Before streaming platforms took over home entertainment, there was New York City’s legendary video rental store Kim’s Video. With more than 55,000 beloved and rare movies to choose from, the Kim’s Video flagship store in St. Marks Place was essential stomping ground for not just cinefiles, but anyone who liked watching movies. The knowledgeable clerks could be scary, but being able to access the vast collection of films was worth being yelled at for not knowing enough about Hungarian cinema. The store was a magnet for big-name filmmakers including Martin Scorsese, Quentin Tarantino and the Coen brothers. Then, in 2008, facing a changing industry, Kim’s Video founder, Yongman Kim, offered to give away his collection provided that it stay intact and be available to Kim’s Video members. Not long after, before all late fees had been collected from customers including Joel Coen, the archive found a new home in the small Italian village of Salemi, Sicily. In August 2016, filmmaker David Redmon, who credits Kim’s Video for his film education, set out on a quest to visit and ultimately free the legendary collection of movies. That mission is the subject of “Kim’s Video.” Directed by Redmon and Ashley Sabin, “Kim’s Video,” which Fremantle executive produced, will open the Sundance Film Festival’s NEXT section on Jan. 19.
You spent six years making this documentary.
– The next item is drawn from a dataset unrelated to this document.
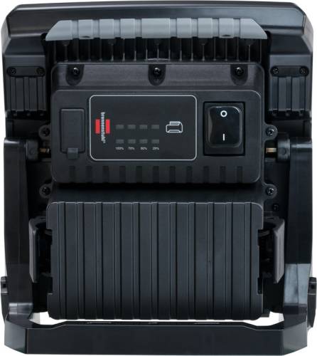 Projecteur de chantier LED Multi Battery System 4000MA rechargeable (40W, 4500lm, IP65, compatible avec 5 standards de batterie 18V Powertool : Bosch Professional, Makita, Dewalt, Milwaukee, Metabo). Robuste projecteur de chantier avec 4 modes d'éclairage (100% / 75% / 50% / 25%). Projecteur est équipé d'un support de maintien anti-basculement, d'une lentille de protection de la LED et dispositif de protection de face anti-chocs en caoutchouc. Poignée de transport ergonomique. Indice des résistance aux chocs : IK08. Classe de protection : III. Montage sur trépied possible grâce aux trous prévus.
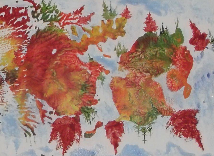 Arbres et iles rouges, an Artiste Langdonart original painting on canvas 9 x 7 inches plus frame 12 1/4 x 10 1/4 ; work of art accenting the red of the trees as well of the islands, where tempest predominatres; April 18 to May 8th 2016 exhibition at Galerie2456, at 2456 rue Beaubien Est (2 left of Cinema Beaubien, facing Molson Park) in Montreal, Quebec, Canada, bienvenue, that's welcome from 10 mornings to 10 nights every day except may 8th closing early before 4 p.m.; Langdonart paintings were in expositions in France this year in a museum; also in a museum last year elsewhere in Europe; Langdonart expositions have been for 60 years in numerous expositions in art galleries, art centres, museums in New York City, Los Angeles, Chicago, San Francisco, Fort Lauderdale, Vermont; Toronto, Montreal; Paris as well at many other cities in Belgium, Spain, Holland, Italy (Vatican art gallery)...; this is one view, see also ANOTHER landscape (3 of them) in a next number;

What kept you going?
Redmon: It was the ghost of cinema that carried us to make the movie over the course of six years. When I entered the Kim’s Video collection [n Sicily], the movies told me they wanted to go home. They needed to be touched. They wanted to be seen. They wanted to be heard again. They asked me, “Can you help?” and I promised the movies that I would go back and help one day. They helped me, so I was going to help them. Eventually the objective of relocating the collection became the primary purpose and then the movie just surrounded that motive.
What do you mean when you say that the movies helped you?
Sabin: Those movies really helped form our film voice. We didn’t go to film school and so we were just delving into that collection almost every night. So to see the state that the collection was in, in Salemi and not do anything about it didn’t fit right with us.
Redmon: It was painful.
In the doc, you incorporate numerous movie clips. Could this film exist without Fair Use?
Sabin: Those clips are so important because this is a film about films. So, it would have been really difficult to make this [doc] without having film clips in it.
Do you consider this a niche doc for niche audiences?
Sabin: It’s a film for anyone who has lost something and is trying to find it.
You are looking for distribution. Am I right to assume that you are aiming for a theatrical run?
Redmon: Yes. We want a theatrical run and then we want to make a fictional film based on the making of this movie. That’s our next objective. We want to write a book. We want to make a play. We want online. We want educational [sales]. We want it all. I mean, who doesn’t?